(a) \(S_{n} = \frac{5n^{2}}{2} + \frac{5n}{2}\)
\(S_{1} = \frac{5(1^{2})}{2} + \frac{5(1)}{2} = 5 \implies T_{1} = 5\)
\(S_{2} = \frac{5(2^{2})}{2} + \frac{5(2)}{2} = 10 + 5 = 15\)
\(S_{3} = \frac{5(3^{2})}{2} + \frac{5(3)}{2} = 30\)
\(S_{4} = \frac{5(4^{2})}{2} + \frac{5(4)}{2} = 50\)
\(T_{2} = S_{2} - S_{1} = 15 - 5 = 10\)
\(T_{3} = S_{3} - S_{2} = 30 - 15 = 15\)
\(T_{4} = 50 - 30 = 20\)
The first four terms are 5, 10, 15 and 20.
This is a linear sequence with d = 5.
\(T_{n} = a + (n - 1)d\)
= \(5 + (n - 1)5 \implies T_{n} = 5 + 5n - 5 = 5n\)
(b) \(x^{2} + y^{2} - 10x - 8y + 25 = 0\)

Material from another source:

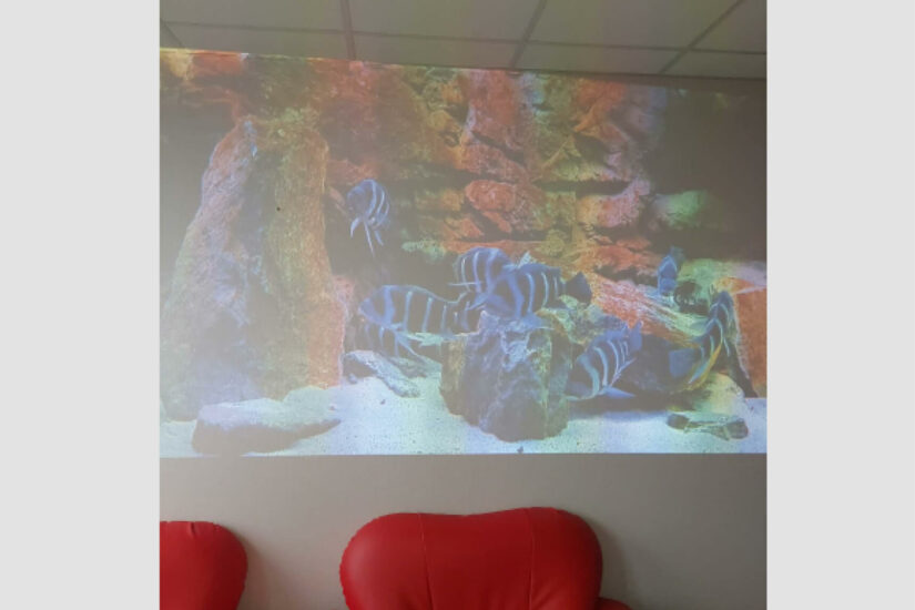 Il s’agit d’un projecteur intelligent monté sur roulettes capable de diffuser des images et des vidéos apaisantes, accompagnées de musique, directement sur les murs ou le plafond des chambres.

For circle to touch x- axis, the distance from centre of circle to the x- axis must be equal to the radius.
\(x^{2} + y^{2} - 10x - 8y + 25 = 0\)
\(2g = -10, g = -5\)
\(2f = -8 , f = -4\)
Centre = (-g, -f) = (5, 4).
\(Radius = \sqrt{g^{2} + f^{2} - c} = \sqrt{(-5)^{2} + (-4)^{2} - 25} = 4\)

\(|PQ| = \sqrt{4^{2}} = 4\)
Since PQ = radius, circle touches x- axis.